Reputation: 57
Using regular expressions with Python, attempting to parse through the data below.
The Data thing1 =
<a class="screener-link-primary" href="quote.ashx?t=IDXG&ty=c&p=d&b=1">IDXG</a>,
<a class="screener-link-primary" href="quote.ashx?t=INVN&ty=c&p=d&b=1">INVN</a>,
<a class="screener-link-primary" href="quote.ashx?t=SWC&ty=c&p=d&b=1">SWC</a>,
<a class="screener-link-primary" href="quote.ashx?t=NE&ty=c&p=d&b=1">NE</a>,
The regular expression
pattern = "[A-Z][A-Z]{1,5}(?![A-Z])"
match = re.findall(pattern,thing1)
print(match)
The result I get is the two occurrences in every line.
['IDXG', 'IDXG', 'INVN', 'INVN', 'SWC', 'SWC', 'NE', 'NE']
The result I want is only the first occurrence that matches the pattern in each line.
['IDXG', 'INVN', 'SWC', 'NE']
I know that if I remove the global tag, it stops after one match.

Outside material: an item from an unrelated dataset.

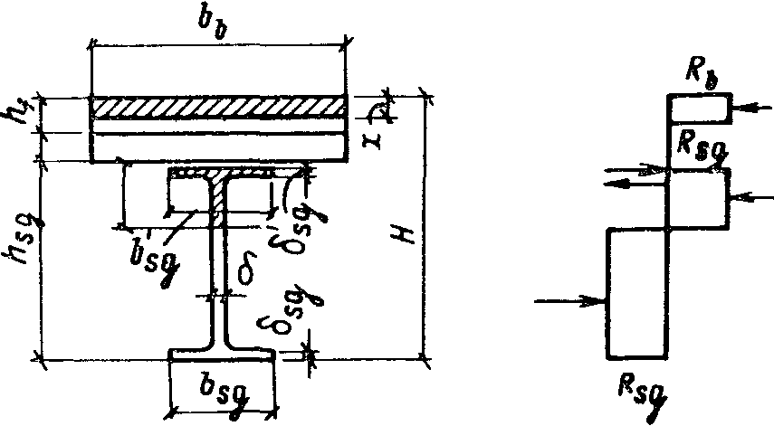 - рабочая высота сечения, равная расстоянию от сжатой грани бетона до равнодействующей усилий растяжения в стальном профилированном настиле и стержневой арматуре

And if I do each line separately, it'll give me the first match.
Is there an elegant way to get the first occurrence of each line in Python?
Upvotes: 2
Views: 219
Reputation: 774
try this regex:
pattern = "([A-Z][A-Z]{1,5}(?!\&)).*\n"
match = re.findall(pattern,thing1)
Upvotes: 0